Поскольку Варент выбрал окольный путь, постоялые дворы им больше не попадались, а фургон, настолько маленький, что в нем и один-то человек с трудом помещался, был отдан Варенту. Каландрилл, как и все остальные, спал на твердой земле, подложив седло под голову. Нельзя сказать, чтобы этой ранней весной ночи были очень уж холодны, а в лесах, что попадались им на пути, было предостаточно хвороста, но все же земля слишком мало походила на кровать, и очень скоро радость от путешествия померкла. Теперь Каландрилла все больше занимали комья грязи, впивавшиеся ему в ребра ночью, и роса, от которой каждое утро волосы и лицо, а когда во сне он случайно скидывал одеяло, то и одежда, у него оказывались сырыми.
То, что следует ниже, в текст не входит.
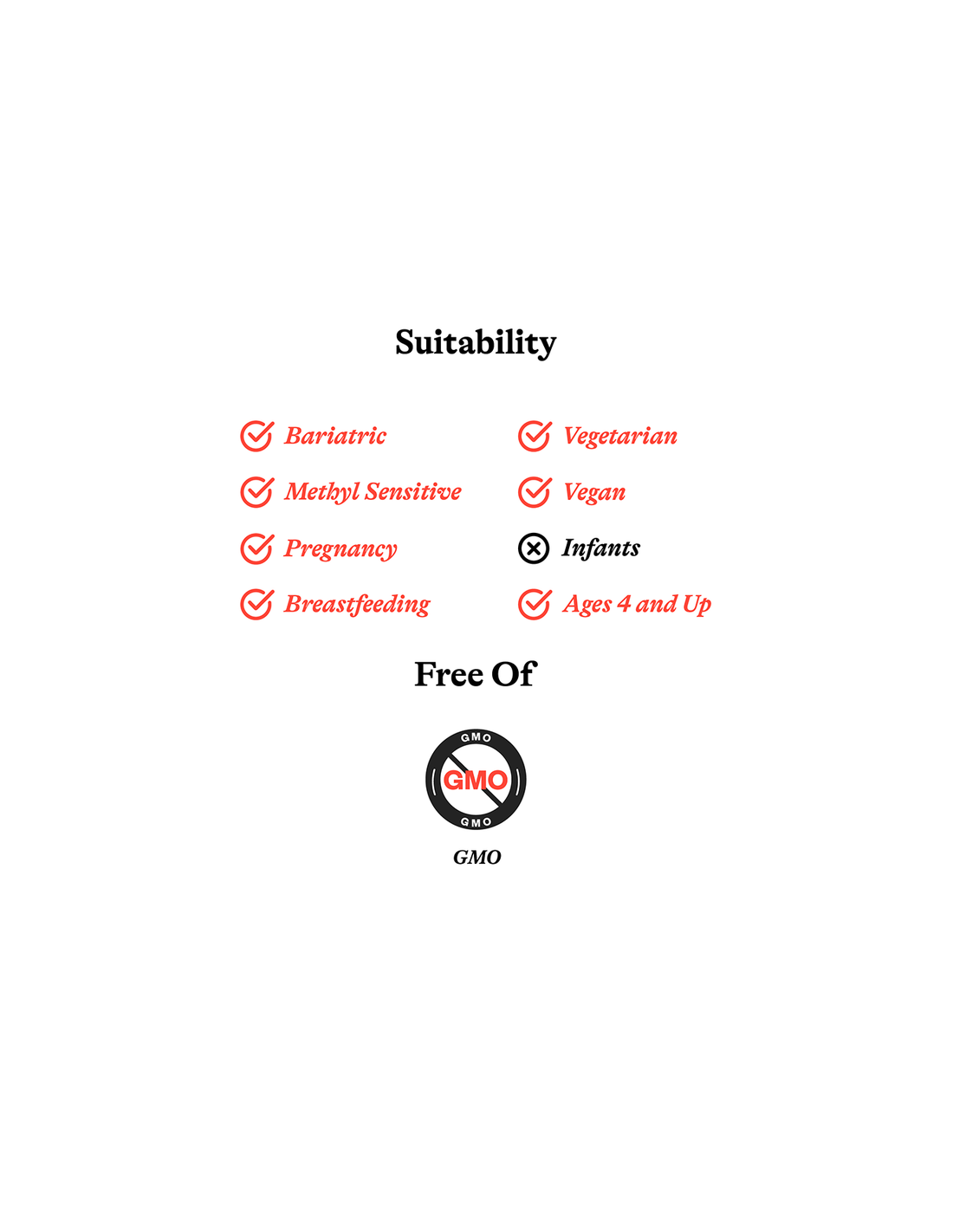 Folate (sous forme d'acide folinique, sel de calcium), xylitol, palmitate d'ascorbyle, arômes naturels, silice. Sans gluten, sans produits laitiers, sans soja, sans colorants ni conservateurs artificiels.

Как бы он хотел быть таким же закаленным, как Брахт: керниец каждый вечер просто заворачивался в одеяло, прижимая к себе меч, как любовницу, и тут же крепко засыпал. Никакие сновидения не нарушали его отдых.

Каландрилл же каждую ночь видел сны, которые долго не оставляли его в покое даже после того, как он, проснувшись, вытирал от росы лицо, постанывая от боли в мышцах и спине и от мысли, что впереди его ждет еще один день в седле. Некоторые из его снов были расплывчатыми и настолько подернутыми дымкой, что оставляли после себя только дурное предчувствие и неопределенную усталость; но были и такие, что западали в память.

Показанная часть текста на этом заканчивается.